Anche al cardinale Matteo Maria Zuppi, arcivescovo di Bologna, «piacerebbe poter celebrare la Settimana Santa e la Pasqua con la comunità», racconta a La Repubblica. Ma, precisa, «rischiare è pericoloso e le regole vanno rispettate e anche la Chiesa ha il dovere di farlo. Come vescovi abbiamo tanto sperato che le celebrazioni pasquali coincidessero con la fine dell’emergenza: purtroppo non è così». Quindi fa sapere: «C’è bisogno anche di Dio, oltre che di scienziati e medici. Per questi giorni così difficili direi, cercando sempre di trarre dalle avversità un bene, che occorre rafforzare la comunione tra le persone e la consapevolezza che la comunità ha bisogno dell’Eucaristia e viceversa».

Comunque dalla Cei alle diocesi, passando per le parrocchie, si sono moltiplicate le possibilità di assistere alle celebrazioni: in tv, sulla radio, via web, nei social. Tutto ciò è frutto della «creatività pastorale», come la definisce l’arcivescovo di Monreale, Michele Pennisi, che sulla Stampaboccia le «proposte irresponsabili e pericolose» di taluni perché «non è il momento di allargare le maglie della sorveglianza sanitaria». E sottolinea: «È comprensibile la sofferenza di chi non può prendere parte dall’Eucaristia e neppure piangere i proprio morti al funerale. Ma la fede non è amuleto».

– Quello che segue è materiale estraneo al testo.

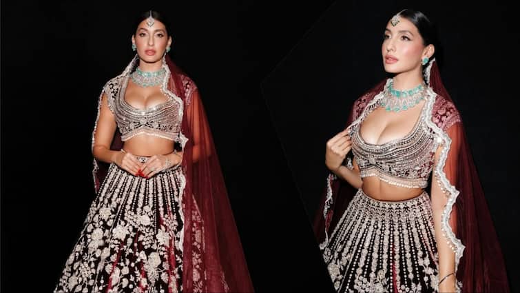 Nora Fatehi is wearing a maroon -colored heavy work lehenga. With which the actress carried a deepne blouse.

Resta poi la questione della visita alle chiese, che interroga anche Zuppi. Si può entrarvi se sono sulla strada del supermercato o della farmacia, secondo una circolare ministeriale. E qualche pastore prende posizione. «Come vescovi abbiamo chiesto alla Cei di intervenire – afferma il vescovo di Prato, Giovanni Nerbini, intervistato da La Nazione –. Il paradosso è questo: si chiede agli psicologi di dare sostegno alle persone in difficoltà e intanto si nega la possibilità di andare in chiesa ai fedeli che, se accontentati, riceverebbero un beneficio ben più grande». Nerbini è tutt’altro che un sostenitore delle Messe “aperte” in tempo di coronavirus e più volte ha richiamato alla responsabilità collettiva. «Non stiamo chiedendo di tornare agli assembramenti: solo che venga concessa la possibilità di uscire di casa per andare in una chiesa».